| Aim of the task |
Starting with the line with "THIS LISITING IS" in the entries below and going on through the line with "Model ten to", output every line exactly and nothing more. No pictures.

| Exercise materials |
◇ ◇ ◇

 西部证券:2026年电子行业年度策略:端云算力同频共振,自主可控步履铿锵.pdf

◇ ◇ ◇

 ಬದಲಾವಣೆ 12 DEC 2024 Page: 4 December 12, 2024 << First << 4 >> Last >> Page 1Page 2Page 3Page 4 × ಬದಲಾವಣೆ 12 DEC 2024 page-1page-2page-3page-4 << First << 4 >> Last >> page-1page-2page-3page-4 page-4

◇ ◇ ◇

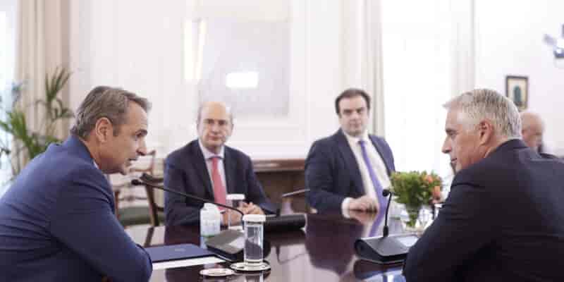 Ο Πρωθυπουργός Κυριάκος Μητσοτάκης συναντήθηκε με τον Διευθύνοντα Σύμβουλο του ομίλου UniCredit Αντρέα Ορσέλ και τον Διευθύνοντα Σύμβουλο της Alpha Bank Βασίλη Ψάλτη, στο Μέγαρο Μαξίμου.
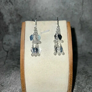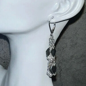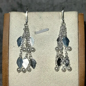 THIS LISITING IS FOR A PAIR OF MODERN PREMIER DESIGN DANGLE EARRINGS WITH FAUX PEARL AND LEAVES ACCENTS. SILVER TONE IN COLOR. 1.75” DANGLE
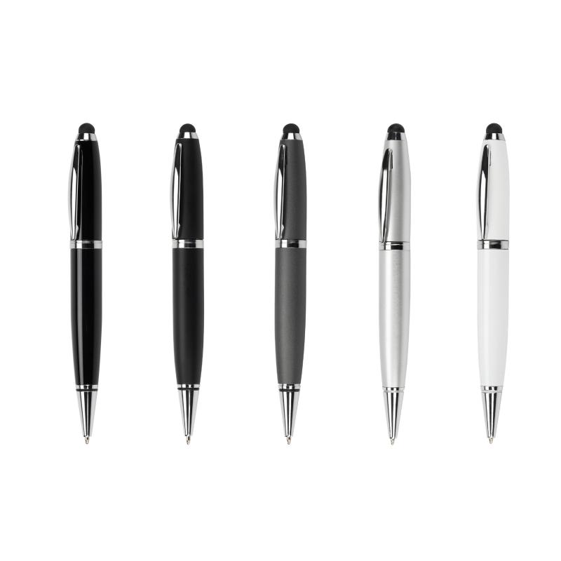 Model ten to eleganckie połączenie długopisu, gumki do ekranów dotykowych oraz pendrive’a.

◇ ◇ ◇

| Result |
 THIS LISITING IS FOR A PAIR OF MODERN PREMIER DESIGN DANGLE EARRINGS WITH FAUX PEARL AND LEAVES ACCENTS. SILVER TONE IN COLOR. 1.75” DANGLE
 Model ten to eleganckie połączenie długopisu, gumki do ekranów dotykowych oraz pendrive’a.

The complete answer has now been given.